What accounts for Facebook’s advantage in the photo department? The biggest factor is simply that it is the default photo feature of the largest social network in the world. And of all the viral loops that Facebook benefits from, its Photos app might have the largest viral loop of all built into it. Whenever one of your friends tags a photo with your name, you get an email. This single feature turns a solitary chore—tagging and organizing photos—into a powerful form of communication that connects people through activities they’ve done in the past in an immediate, visual way. I would not be surprised if people click back through to Facebook from those photo notifications at a higher rate than from any other notification, including private messages.

But the tagging feature has been part of Facebook Photos for a long time. What happened in September to accelerate growth? That is when a Facebook redesign went into effect which added a Photos tab on everyone’s personal homepage.

(The chart above shows U.S. visitors through January. The chart below shows international visitors through December, with 153.3 million unique visitors for Facebook Photos, 66.7 million for Flickr, 45.5 million for Picasa and 42.7 million for Photobucket).

Advertisement

Responses

Comments rss icon

  • I would not recommend using facebook as your primary source for photo hosting. Facebook’s compression or algorithms for minimizing the photo are horrific. They completely destroy the quality of your image. It’s fun to have the ability to share them with you friends but if you’re serious about preserving your pictures I would stick with a stand-alone hosting site, my preference is Picasa in google.

    • You can put as many photos as you want on your own Blog or website and not have to deal with Facebook’s T’s and C’s. Additionally, the Internet itself is a Social Network, and your Blog or website is your profile. I wish we would stop living within the boundaries that Facebook, MySpace etc want us too.

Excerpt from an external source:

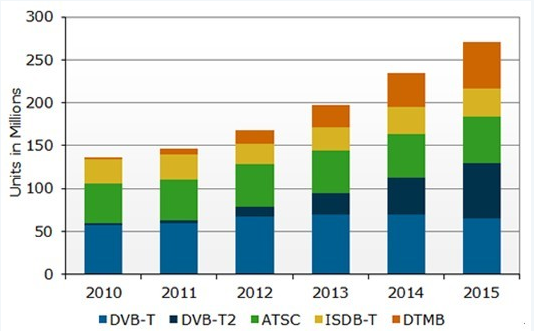 “到2015年,DVB-T和DVB-T2電視的出貨量將處于相當(dāng)水平,”Gray繼續(xù)說到,“俄羅斯和印度政府轉(zhuǎn)向T2的決定給行業(yè)注入強(qiáng)心劑,并將推動(dòng)成本下降,促進(jìn)新一輪電視應(yīng)用。”

Those websites do have their positives, like protecting your Brand name and than redirecting to your main group of websites, as well as the free exposure to new potential clients and friends.

      As we more forward the lines between Media and Social Media will become blurred, as the dinosaur Media sources of the world embrace the power of the Internet more so and all of the tools/applications/widgets that come along with it.

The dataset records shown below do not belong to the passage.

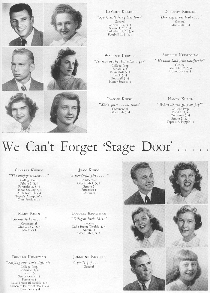 1949 Sheboygan Central High School, Page 35: LaVern Krause, Dorothy Kremer, Wallace Kremer, Ardelle Kristzonas, Joanne Kuehl, Nancy Kuehl, Charles Kuehn, Jean Kuhn, Mary Kuhn, Dolores Kunstman, Donald Kunstman, Julianne Kuylen.
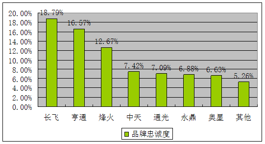 通过对品牌忠诚度的调查,我们发现消费者对长飞的品牌忠诚度最高,达18.79%,其次是亨通、烽火、中天等,具体情况如下图:
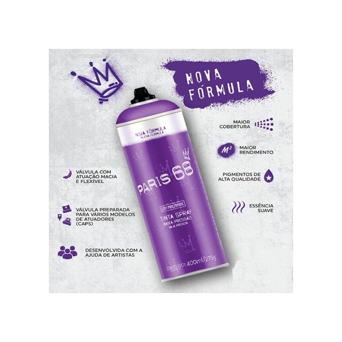 O Spray de tinta em Aerossol Paris 68 da Marca Baston, possui essência suave de morango com champagne. Tinta desenvolvida com pigmento de alta qualidade, dando mais durabilidade e vivacidade na cor. Produto de excelente cobertura. Possui válvula macia, com formato anatômico que permite maior precisão nos traços, além de ser de baixa pressão permitindo o controle durante a aplicação de tinta.

      These are some super exciting times we live in and I’m very happy to be alive.

      • like your philosophy. the playing field has never been so level. we are at an apex of innovation. open social will obliterate myspac and FazeBk. as users mature they will position themselves on strategic niche professional social channels. playing games on fadbk and mspac will only last so long and then it will be time to get back to work and being truly productive.

        CareersLocator.com – enslave yourself

    • It depends on the user.

      If you’re a professional photographer seeking visibility, Flickr or a photo commerce site is appropriate.

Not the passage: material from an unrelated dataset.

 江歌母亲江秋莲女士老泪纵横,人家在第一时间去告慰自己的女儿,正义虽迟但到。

      If you’re a blogger seeking publicity, Flickr and Picasa works great.

      If you’re looking to share with family and friends, Facebook does the job.

      I just wished that Facebook would open their database so that users in Facebook who wish to share photos more publicly can do so. Then, we can integrate photokit with Facebook. Pls see http://bf.tearn.com/ family of conversation-starter websites.

    • Flickr is better my friend

    • try to use http://www.esnips.com – it’s the best upload and share site with 5G of storage for free

    • Picasa resizing and compression is awful. A hair above Facebook, maybe, but just a hair.

  • Looks like that redesign that so many people hated at first worked out well for Facebook in the end. Just shows the power of real usability testing, I suppose.

  • Does revenue breakout per service mean anything in this context? I know that Flickr has premium accounts, and that Facebook incurs costs to host this free, value added service to its offering.

    Is Flickr a net revenue generator for Yahoo? I do believe that other standalone photo sites are profitable.

    • Great, Facebook pulls ahead in the race for who can lose the most money the fastest!

      Facebook faces massive server, storage and bandwidth costs for photos. 10 billion photos is nothing to laugh at in terms of impact on costs.

      How will Facebook ever make money from these photos?

      Oh, I know, they can try to take ownership of all of them and then resell them to anyone else … if they bury this clause in fine print in their TOS which no one reads anyways, no one will notice.

      Anjalie Sen

      • Ohh common ….. i see you only have 6 friends in FB. What are you complaining about when you dont even use the service and understand i ? you live in a country where FB is not localized, just stick to Orkut for now.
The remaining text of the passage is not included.